I have an amazing husband. He would do anything for me and That is making it very difficult to explain why i'm feeling neglected. I adore him, we've been together for 11 years, married for 5 and have 3 wonderful children. He's my best friend and we have hobbies that we enjoy together. He is a very busy guy who works hard as an electrician and then puts in a few hours everyday working around the house.
Through out our entire relationship i have struggled with his negativity and at times his temper. He is very emotionally needy and somewhat controlling. He doesn't like me to do things without him but doesn't enjoy many of the things i want to do. When i have family in town or something, he almost always ends up causing a scene by picking a trivial fight with me and making me feel like i'm doing something wrong for enjoying myself. He doesn't understand why i would want to have a social life, i should be content with just my family. He tells me things like "if you were happy with me, you wouldn't need to do those things" and "you need to be focusing on your family". 
I worked 2 jobs and was in college full time before i had my kids, i put everything on hold so that i could stay home and raise my kids. Now that they are older, i'm back in school and have opened my own greenhouse business. I'm talking to my old friends and get invited to events often, but don't go because i feel guilty the whole time i'm there. 
I have been contemplating leaving him, not because i want to but because i've been slowly falling out of love with him.

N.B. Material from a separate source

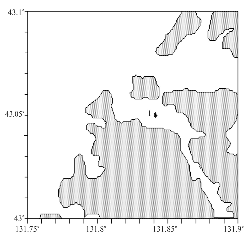Пробы морского льда извлекались из припайного льда в одной и той же точке, координаты которой приведены на рис. 1. Была выбрана полузакрытая от ветров бухта Новик залива Петра Великого во время устойчивого формирования толщины льда, обеспечивающая безопасное передвижение по льду, примерно в одни и те же календарные сроки. Выбор места наблюдения исключал ряд неконтролируемых факторов, присущих открытой части залива. После первых же экспериментов стало понятно, что тонкий однолетний лед толщиной порядка 40–55 см вследствие значительной динамики условий его формирования существенно отличается от толстых многолетних льдов полярных районов, которым посвящено большинство исследований.
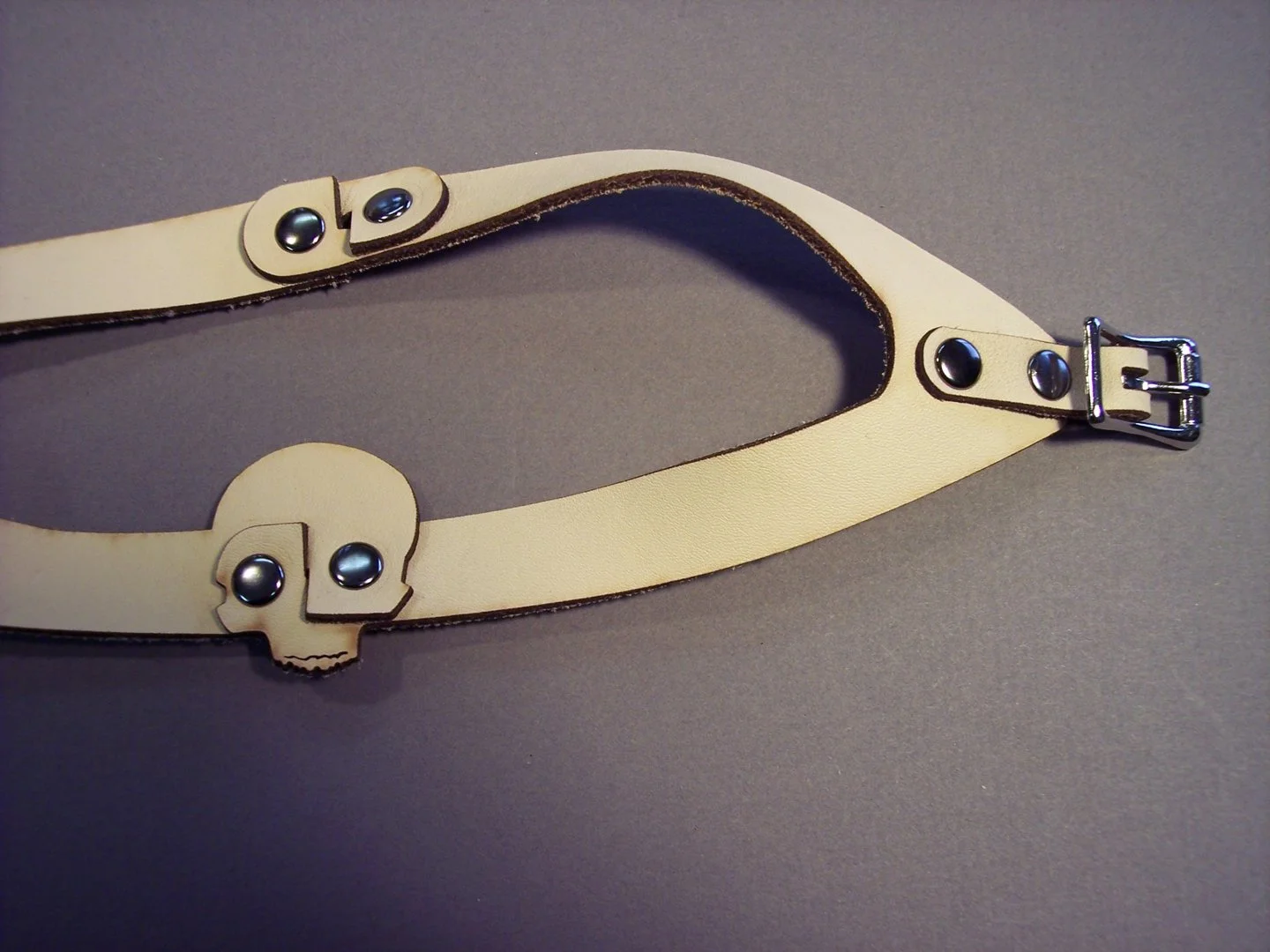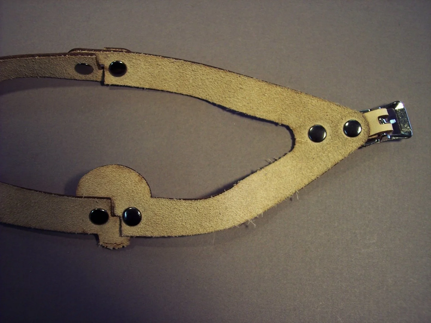 Attach two head straps to each other using four rivets. The free ends go to outside (grain side). Take two buckle straps and attach to ends of head straps. Round end of buckle straps goes to inner holes of head straps. Hand place rivets. Place two buckles over free ends of buckle straps. Fatter end of buckle goes to outside. Place rivets through two buckle strap holes and then head strap holes. Hammer all four rivets flat.

I can't stop hearing the things he's said to me, even when he's being wonderful. I'm really confused and could use some advise. Most women would think i was crazy because he is very attentive and would never leave me. All our issues seem to be based around his insecurities and negative attitude. I want to save my marriage and have been talking about all of this with him. He is really making an effort to take me out etc. But he doesn't want to admit he may have a chemical imbalance. Help.


----------



## Blanca (Jul 25, 2008)

You dont need to leave him. You both need to work on your boundaries. There are some good books out there: Relationship Rescue book and workbook by Dr.Phil and Boundaries in Marriage by Dr. Cloud and Townsend. these are the ones i have done in my marriage. 

you can also google boundaries and read what comes up. You just have to learn how to say no and separate yourself from his emotional issues and he needs to learn how to deal with his own problems instead of projecting his loneliness on you.

Also, it sounds like reading The five love languages would be helpful.


----------